§ AVAILABLE DATA:
==========
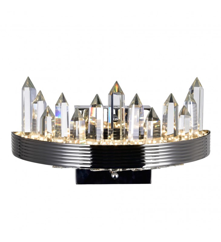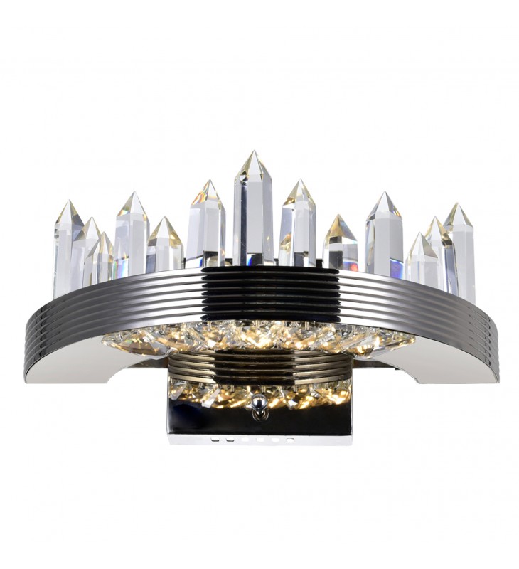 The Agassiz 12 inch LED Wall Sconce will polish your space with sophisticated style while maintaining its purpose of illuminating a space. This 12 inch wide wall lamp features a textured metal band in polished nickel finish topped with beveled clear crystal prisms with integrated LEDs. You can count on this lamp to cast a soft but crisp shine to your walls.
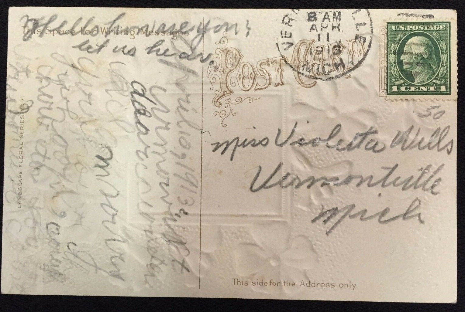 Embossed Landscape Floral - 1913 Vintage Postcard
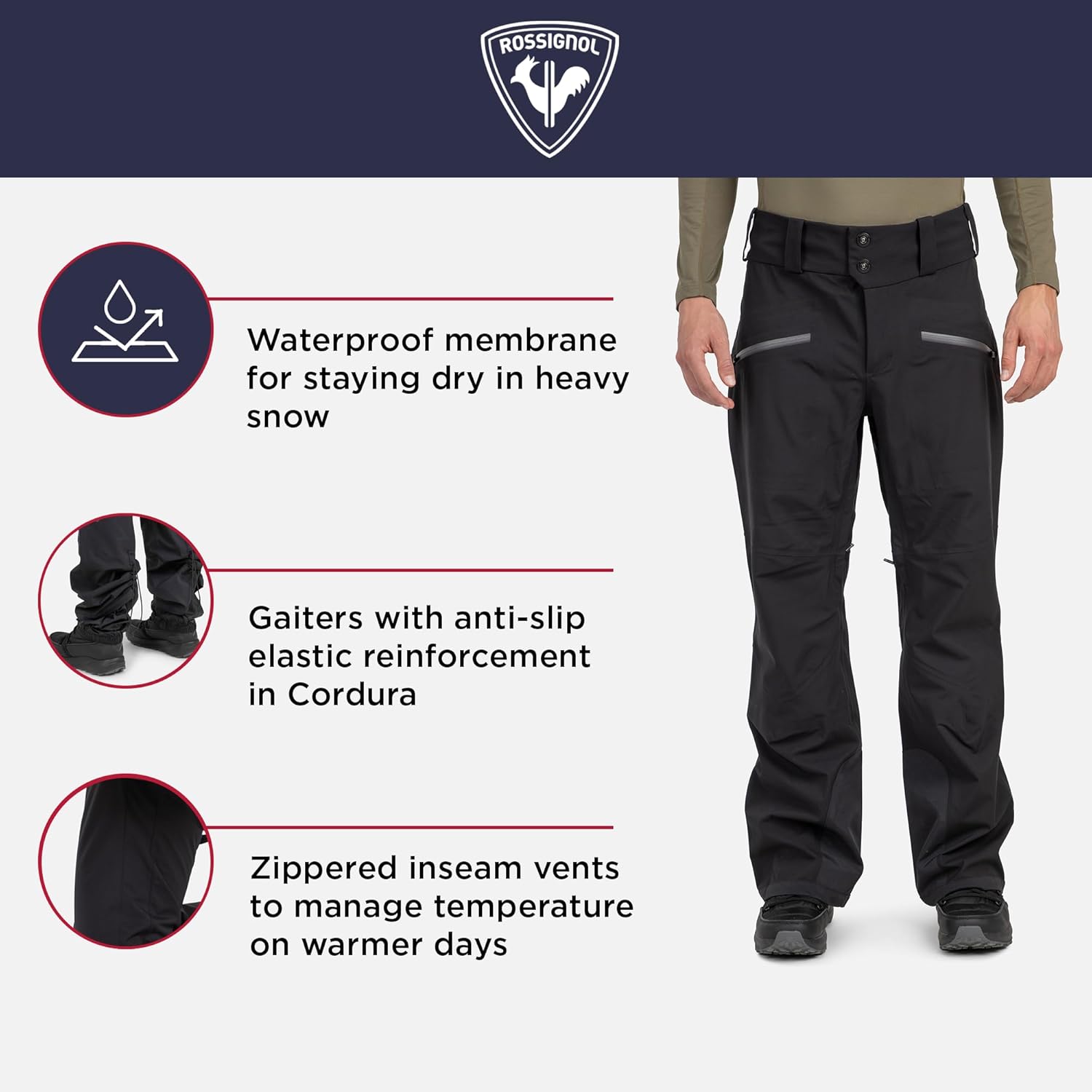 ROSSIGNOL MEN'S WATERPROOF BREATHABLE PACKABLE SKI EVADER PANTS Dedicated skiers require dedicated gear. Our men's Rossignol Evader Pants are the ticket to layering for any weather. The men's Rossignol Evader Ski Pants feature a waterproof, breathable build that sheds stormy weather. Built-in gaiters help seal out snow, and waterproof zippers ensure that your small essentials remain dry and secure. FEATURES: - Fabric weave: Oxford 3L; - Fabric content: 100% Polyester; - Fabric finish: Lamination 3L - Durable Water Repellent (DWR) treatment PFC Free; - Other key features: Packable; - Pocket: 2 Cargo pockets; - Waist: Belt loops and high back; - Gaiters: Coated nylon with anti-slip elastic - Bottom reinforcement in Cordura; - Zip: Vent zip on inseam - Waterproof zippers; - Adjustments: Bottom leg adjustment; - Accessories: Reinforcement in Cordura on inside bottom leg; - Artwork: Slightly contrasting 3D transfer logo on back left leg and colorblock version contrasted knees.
==========
§ WHAT YOU SHOULD DO: Write the listing above out again exactly, dropping each image.

§ EXERCISE OUTPUT:
 The Agassiz 12 inch LED Wall Sconce will polish your space with sophisticated style while maintaining its purpose of illuminating a space. This 12 inch wide wall lamp features a textured metal band in polished nickel finish topped with beveled clear crystal prisms with integrated LEDs. You can count on this lamp to cast a soft but crisp shine to your walls.
 Embossed Landscape Floral - 1913 Vintage Postcard
 ROSSIGNOL MEN'S WATERPROOF BREATHABLE PACKABLE SKI EVADER PANTS Dedicated skiers require dedicated gear. Our men's Rossignol Evader Pants are the ticket to layering for any weather. The men's Rossignol Evader Ski Pants feature a waterproof, breathable build that sheds stormy weather. Built-in gaiters help seal out snow, and waterproof zippers ensure that your small essentials remain dry and secure. FEATURES: - Fabric weave: Oxford 3L; - Fabric content: 100% Polyester; - Fabric finish: Lamination 3L - Durable Water Repellent (DWR) treatment PFC Free; - Other key features: Packable; - Pocket: 2 Cargo pockets; - Waist: Belt loops and high back; - Gaiters: Coated nylon with anti-slip elastic - Bottom reinforcement in Cordura; - Zip: Vent zip on inseam - Waterproof zippers; - Adjustments: Bottom leg adjustment; - Accessories: Reinforcement in Cordura on inside bottom leg; - Artwork: Slightly contrasting 3D transfer logo on back left leg and colorblock version contrasted knees.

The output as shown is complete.